Teaching Observation (TO)

The Teaching Observation is designed to provide structured, formative feedback to trainees on their competence at teaching. The Teaching Observation can be based on any instance of formalised teaching by the trainee which has been observed by the assessor. The process should be trainee-led (identifying appropriate teaching sessions and assessors). The Teaching Observation is also now available in the ePortfolio.

Quality improvement project assessment tool (QIPAT) - CMT, GIM and AIM only

The QIP Assessment tool is designed to assess a trainee's competence in completing a quality improvement project. The trainee should be given immediate feedback to identify strengths and areas for development. All workplace-based assessments are intended primarily to support learning so this feedback is very important

The QIP Assessment can be based on review of QIP documentation OR on a presentation of the QIP at a meeting. If possible the trainee should be assessed on the same QIP by more than one assessor.

Assessors can be any doctor with suitable experience - for trainees in higher specialty training this is likely to be consultants. Some curricula may have specific requirements for numbers of consultant assessments.   

Multiple Consultant Report

The Multiple Consultant Report (MCR) was introduced in October 2013 as part of JRCPTB's programme to improve workplace-based assessment.  The MCR effectively replaces the clinical supervisor's report previousl found in the ePortfolio.

This form is additional to the Multi Source Feedback tool (MSF). It should only be completed by consultants and is intended to focus specifically on clinical performance. The responses given will contribute to the Educational Supervisor's report and you should try to give an accurate description of the trainee's abilities.
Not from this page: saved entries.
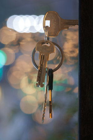 The keys with house keyring in the door keyhole with blurred night lights background, selective focus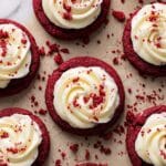 Keywords: red velvet cookies, cream cheese frosting, frosted cookies, dessert cookies, American cookies, soft cookies, chocolate cookies, holiday cookies, party treats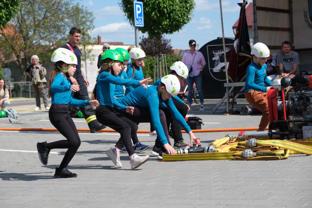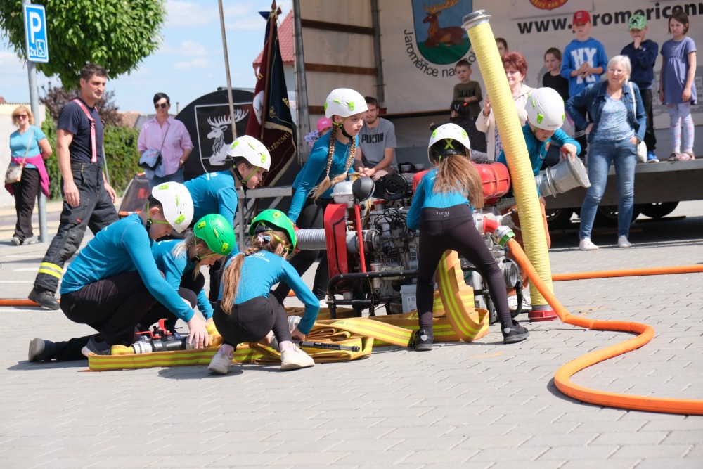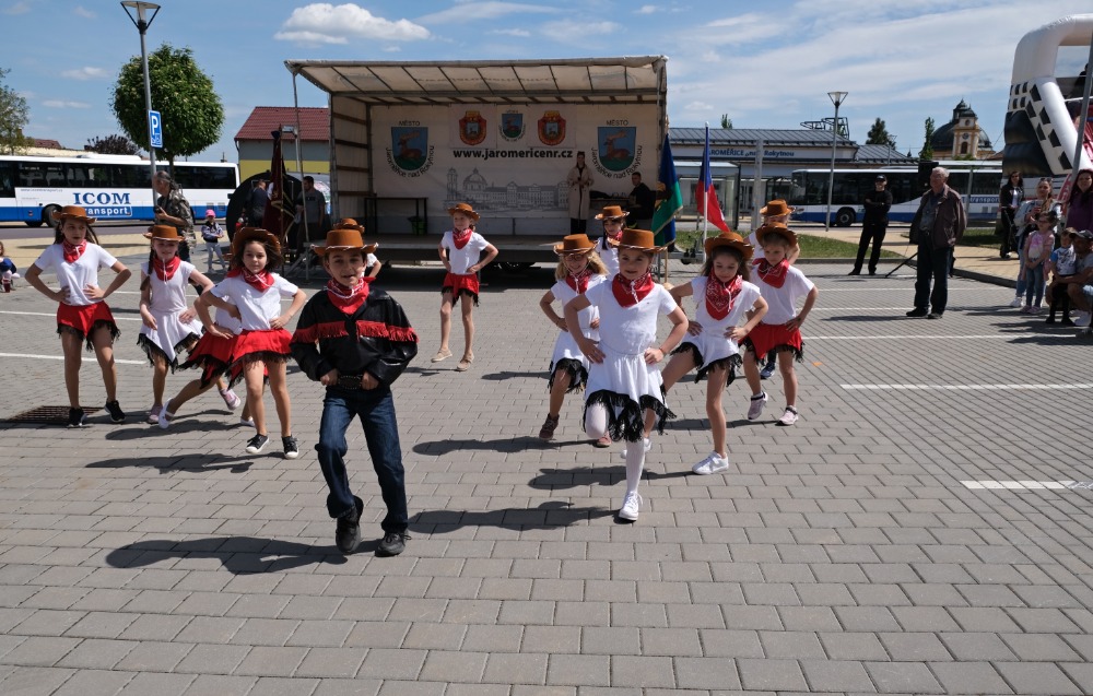 Poté děti z jaroměřické základní školy předvedli své nacvičené tance, za které sklidili velký potlesk. Profesionální hasiči z Moravských Budějovic, předvedli divákům vyproštění zraněného řidiče z havarovaného osobního vozu. Mladí hasiči ukázali jací jsou rychlí při požárním útoku. Závěrečnou ukázkou sobotního odpoledne byla ukázka slaňování z vysokozdvižné plošiny, se záchranou osoby. Po celou dobu programu u jaroměřické hasičské zbrojnice, bylo k dispozici pro zájemce občerstvení.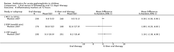 Main results: This updated review included 27 studies (4452 children). This update included evidence from three new studies, and following re-evaluation, a previously excluded study was included because it now met our inclusion criteria.Risk of bias was assessed as low for sequence generation (12 studies), allocation concealment (six studies), blinding of outcome assessors (17 studies), incomplete outcome reporting (19 studies) and selective outcome reporting (13 studies). No study was blinded for participants or investigators. The 27 included studies evaluated 12 different comparisons. No significant differences were found in duration of fever (2 studies, 808 children: MD 2.05 hours, 95% CI -0.84 to 4.94), persistent UTI at 72 hours after commencing therapy (2 studies, 542 children: RR 1.10, 95% CI 0.07 to 17.41) or persistent kidney damage at six to 12 months (4 studies, 943 children: RR 0.82, 95% CI 0.59 to 1.12) between oral antibiotic therapy (10 to 14 days) and intravenous (IV) therapy (3 days) followed by oral therapy (10 days). Similarly, no significant differences in persistent bacteriuria at the end of treatment (4 studies, 305 children: RR 0.78, 95% CI 0.24 to 2.55) or persistent kidney damage (4 studies, 726 children: RR 1.01, 95% CI 0.80 to 1.29) were found between IV therapy (three to four days) followed by oral therapy and IV therapy (seven to 14 days). No significant differences in efficacy were found between daily and thrice daily administration of aminoglycosides (1 study, 179 children, persistent clinical symptoms at three days: RR 1.98, 95% CI 0.37 to 10.53). Adverse events were mild and uncommon and rarely resulted in discontinuation of treatment.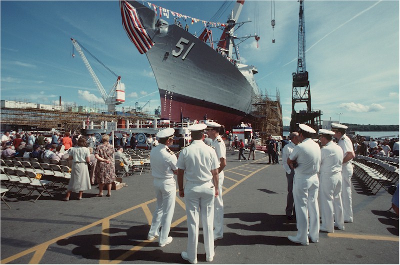 | 131k | The bow of the Aegis guided missile destroyer USS Arleigh Burke (DDG 51) looms over the guests and naval personnel gathered for the ship's launch ceremony. Photo by PH3 Thomas Witham. | Bill Gonyo | |

You can read more about the introduction of the MCR here.

WPBA Requirements for Specialist Registrars (SpRs) 

The JRCPTB has recently become aware of confusion about the use of workplace-based assessments (WPBA) and knowledge-based assessments (KBA) for SpRs.    

It was never the intention of the Board to mandate the use of WPBA for SpRs although it was hoped that most would use them on a voluntary basis.   In a statement dated 9th January 2009, published on this website, the Board stated its expectation that most SpRs would avail themselves of these useful tools in the run up to their RITA episodes.     
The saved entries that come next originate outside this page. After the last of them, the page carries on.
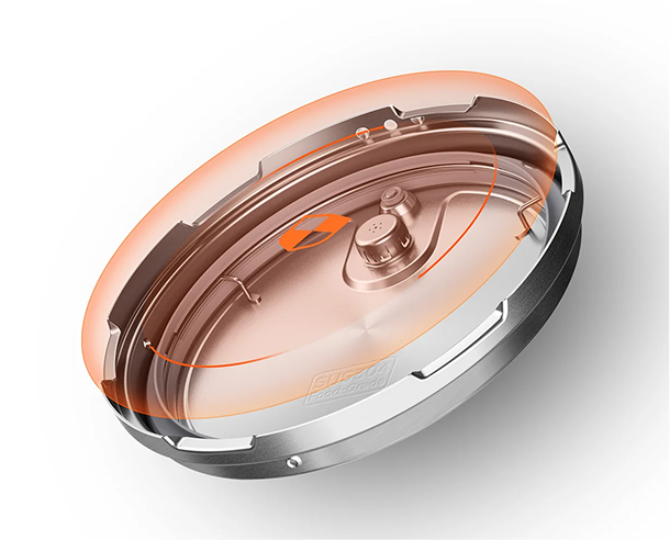 Górna pokrywa wykonana z wysokiej jakości stali nierdzewnej 304, bezpiecznej dla żywności, waży około 1,5 kg. Odporna na wysokie ciśnienie, trwała i niezawodna, zapewnia bezpieczeństwo oraz długą żywotność urządzenia.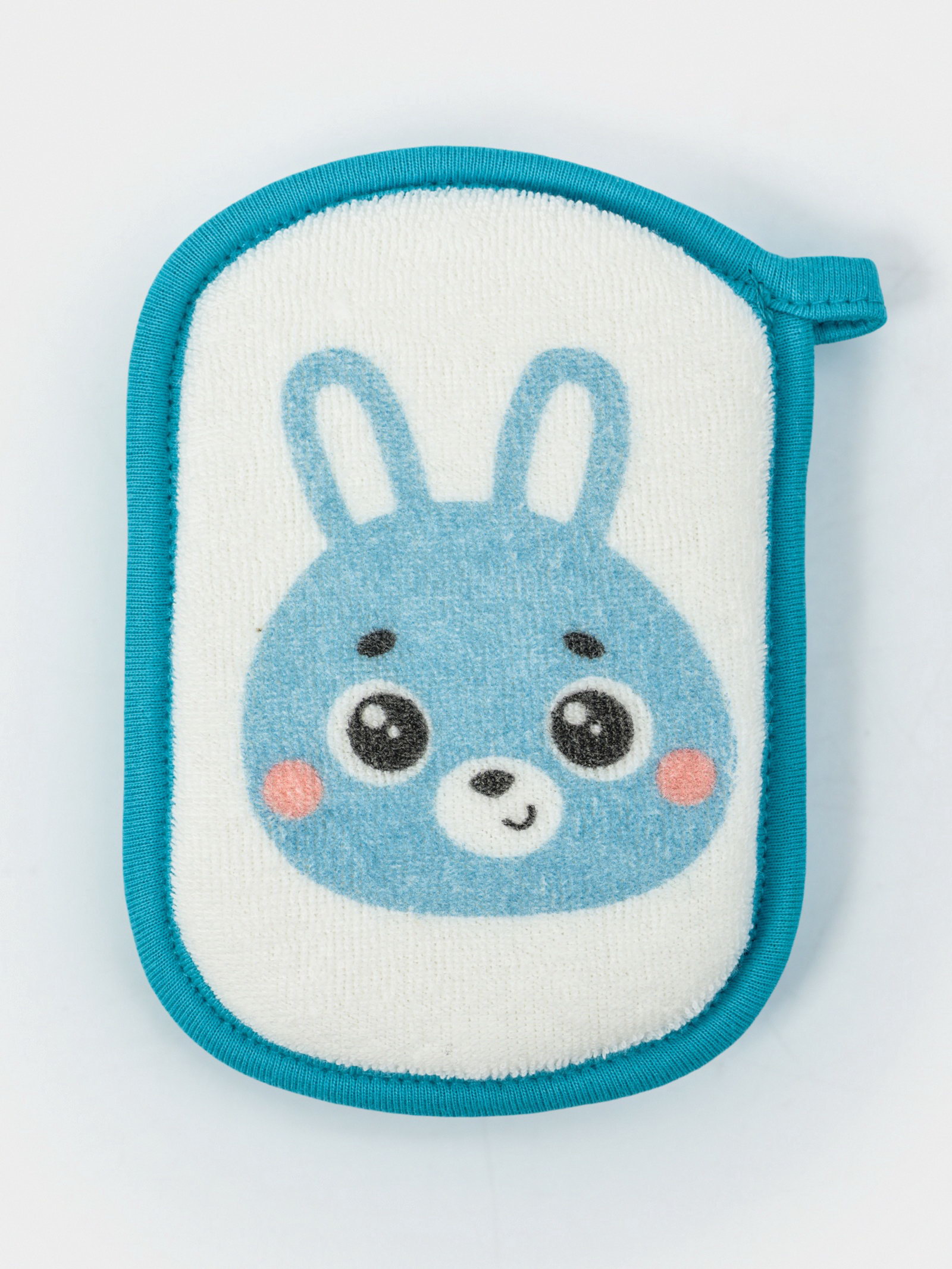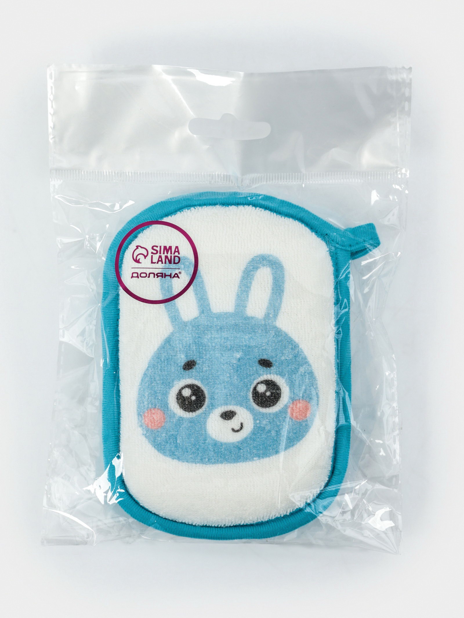Мочалка детская для купания "Зайчик", 12x8 см, голубая, 8x11x1 см., Доляна, Китай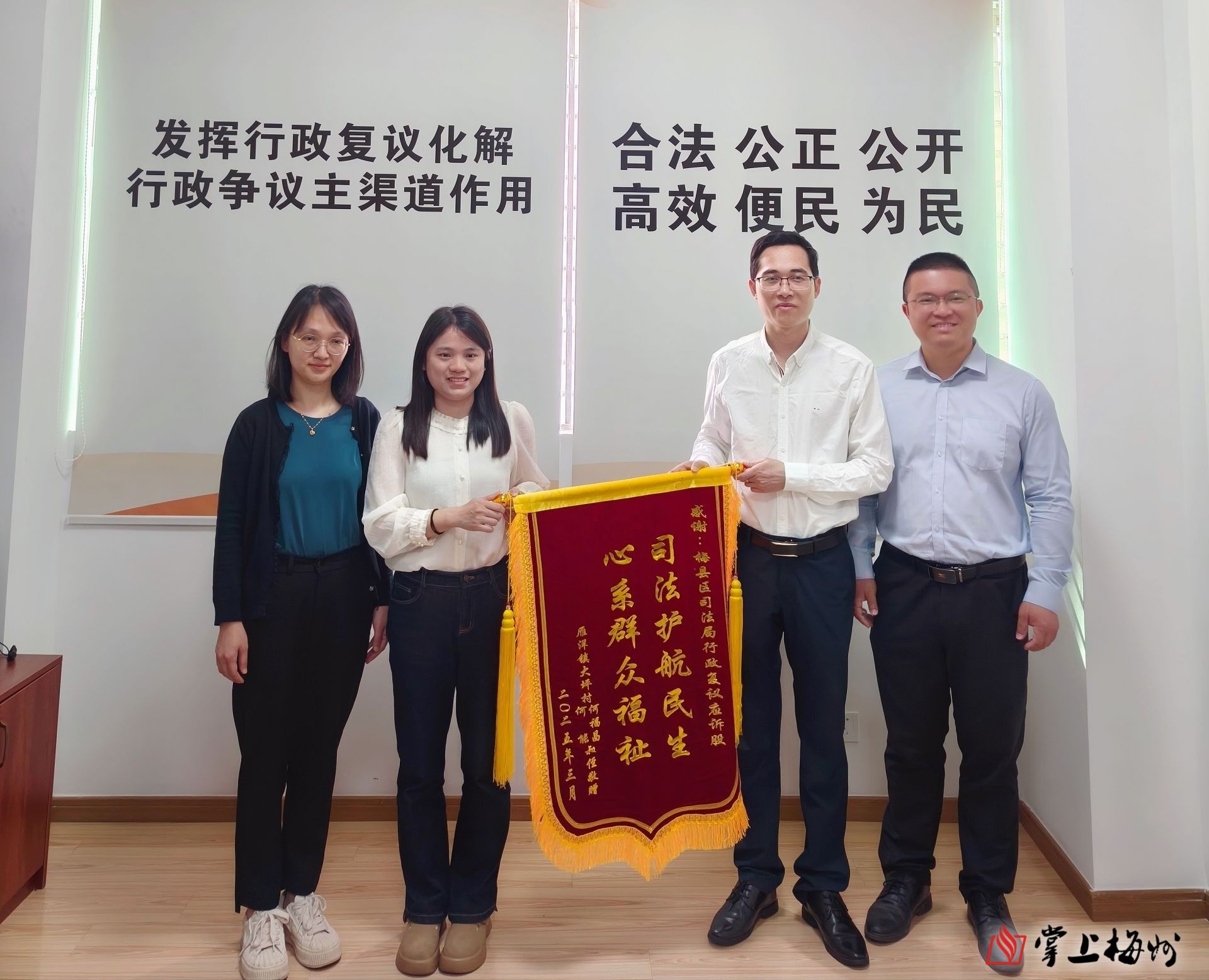 为了表达感激之情,申请人特意送来了锦旗。他们表示,梅县区司法局行政复议机构切实维护了老百姓的合法权益,让他们感受到了公平正义。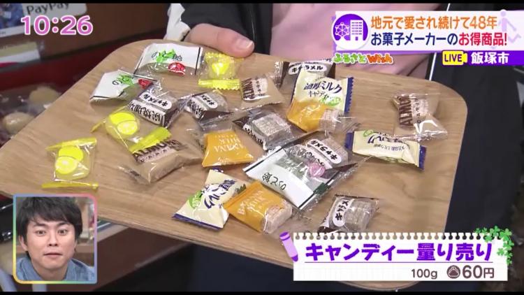 福岡県飯塚市の「筑豊製菓」はキャンディーやスナック菓子などを手掛ける総合菓子メーカー。工場に併設する直売所では、まんじゅう、カステラ、パウンドケーキ、せんべいなどのお菓子を割引価格で購入することができます。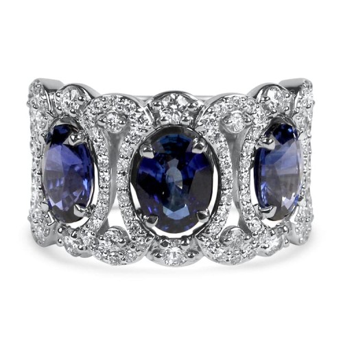 Christopher Designs 18K White Gold Sapphire and Diamond Halo Ring 6.0

Similarly, KBA (in the form of Specialty-specific examinations (SCEs) can only be mandated for those entering training against a curriculum that requires such an assessment.   In effect this means that only those entering training from August 2007 when the new StR curricula came into effect will have to pass the stipulated KBA for the specialty.    It must be emphasised that SpRs cannot be required to sit or pass the KBA as a pre-condition for the award of CCT. 

The board has issued this updated statement.

SpRs who are following pre-2007 curricula and who choose to use workplace based assessments should use the table below as guidance when gathering evidence: 

 

 

Frequency of assessments

Number of assessors

Number of assessments per assessor

Indicative time requirements

MiniCEX

4 per year

2

2

4 hours per year per SpR

DOPS*

6 over 4 years

2

3

1 hour per year per SpR

MSF

2 in 4 years

12 - 20 raters 1 collater

1 or 2

1 hour per year per SpR

 *depends on the specialty requirements for procedure specific DOPS'  

Assessment Forms

StRs who are using the JRCPTB ePortfolio should use the online forms in the ePortfolio. SpRs should use the paper forms available here.

Evaluation for teaching and presentations

Trainees may also wish to seek feedback for teaching and presentations. Please use the Evaluation Form for teaching and presentations to handout in advance to the audience and those you are teaching.

Training Events for Assessors

The JRCPTB considers it essential that assessor training in the use of all WPBA is undertaken before assessors undertake the formal assessment of their trainees.  Training is widely available in deaneries and through the Education Dept at RCP London tailored events have been run for various specialist groups and in a number of deaneries.